New to gold? Enter the market with grace and confidence; assets and info to get you started right!
http://www.usagold.com/gold/special/starter.html


gold ownership starter kit


Goldnovice (1/6/06; 10:34:47MT - usagold.com msg#: 140174)
Barrick
@ Flatliner
Okay, will try. It's been ten years since I moved from Australia to this gold-loving country of Vietnam - the perfect place to realize the importance of the metal. Heavens, even the houses are priced in gold (so with the rising POG, the property market is as dead as a dodo). My gold background is simple: about a year ago, I made a decision to learn about economics and finance, subjects that had been utterly outside my experience in 40 years of life. As I read article after article from the internet, making sure to consider opposing views, I am starting to make sense of the world and understand about gold, but it's hard going. Why did gold capture my fancy? I don't know but I'm happy that it has (and started buying six months ago). No, I'm no-one special who can enlighten the forum, just someone who can learn a great deal from it.


TownCrier (1/6/06; 10:30:13MT - usagold.com msg#: 140172)
Cavan Man,
As you well know, I'm not the host of this fine establishment, and therefore I'm not under any delusion that any amount of respect whatsoever in my direction is warranted. However, I would have hoped it was not too much to expect a basic courtesy, such as might be shown to the butler during your visit.

Nero? Nero???!

For the life of me I can't understand why you'd go out of your way to take a poke at me. Clearly I didn't miss the Chinese diversification news, as I have already demonstrated.

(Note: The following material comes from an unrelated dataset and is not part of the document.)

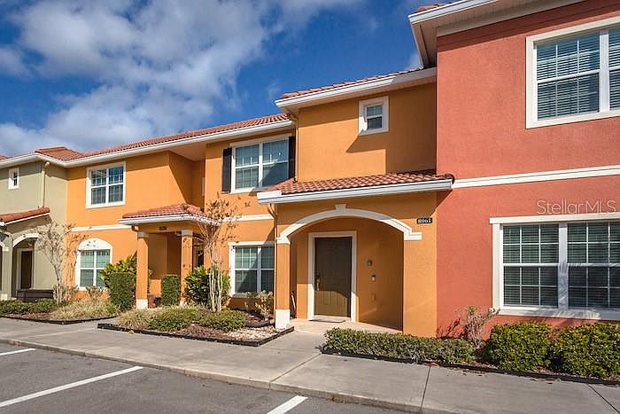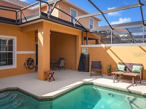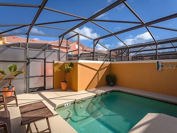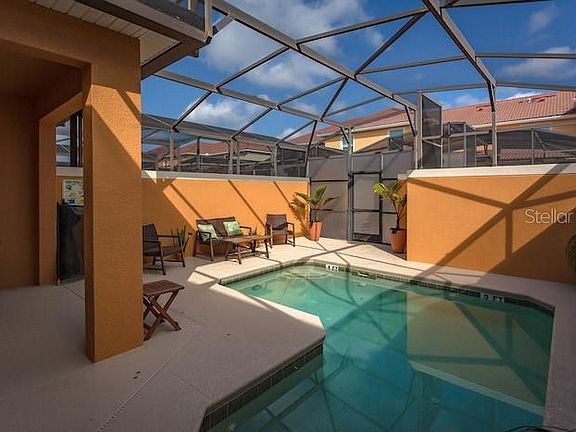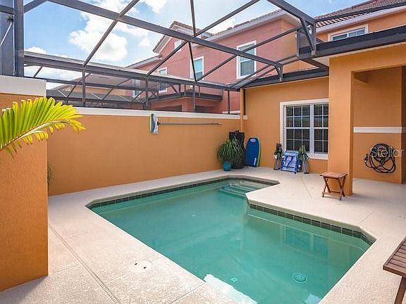 Welcome to this fully furnished 3 bed / 3 full bath Townhome with private pool, located in the wonderful resort-style community PARADISE PALMS RESORT. Investment property or Second Home. Great location close to the Clubhouse and all the community amenities. This is an income producing property that can be used as investment, personal use or vacation home. Granite countertops in the kitchen and bathrooms, stainless steel appliances and wood cabinets. One of the most popular floor plans in the community with one bedroom downstairs and two bedrooms with en-suite bathrooms upstairs. Outside a private patio with covered lanai provides access to the screened in pool with color-changing lights. The home has been well maintained. Paradise Palms is just minutes from Disney and has first class facilities including a 9,500 sf Clubhouse with restaurant, resort style pool, kiddies pool, game room with pool tables, air hockey and arcade, movie theater, basketball and tennis courts, fitness center, sauna, gift shop and ATM. The HOA fee includes cable, phone, high speed internet, trash valet, 24/7 security guard, landscaping, common grounds maintenance. This townhome can be used for short term rental, long-term, primary residence or second home. Don't miss this great opportunity!!

In fact, back on December 27th, prior to this announcement, I offered these following comments in association with a short news article reporting that the buildup of Chinese forex reserves had slowed sharply according to November's data. I commented...
------------------
TownCrier (12/27/05; 11:41:07MT - usagold.com msg#: 139747)
SHANGHAI, Dec 27 (Reuters) - China's foreign currency reserves rose at the slowest pace in 18 months in November, an official newspaper reported on Tuesday... Still, the $9.3 billion increase boosted the reserves, the world's biggest after Japan's, to a record $794.2 billion, the China Business News said, citing sources familiar with the data....

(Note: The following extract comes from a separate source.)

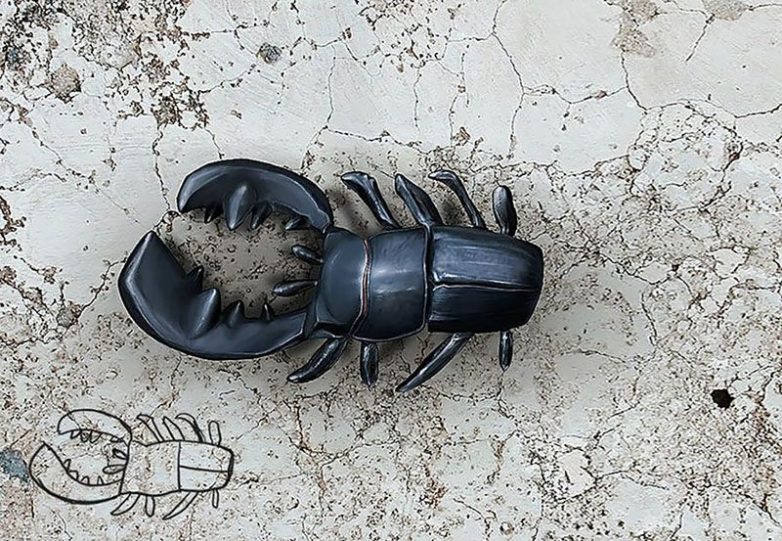Голландский монументалист Тельмо Пьепер нашел собственные рисунки, сделанные им в четырехлетнем возрасте, и решил воссоздать нарисованные объекты при помощи фотошопа. Причем сделать их как можно более реалистичными. С задачей художник справился на пять.

[Randy's comment following article>>>]...Consider this. When China absorbs dollars (and ultimately interest-bearing dollar-denominated bonds) as the concluding balance of payment for its international trade surplus, there follows political harping of tensions over perceptions of unfair currency exchange alignments and unfair competitive advantage as evidenced by the trade surplus. Or so the argument goes.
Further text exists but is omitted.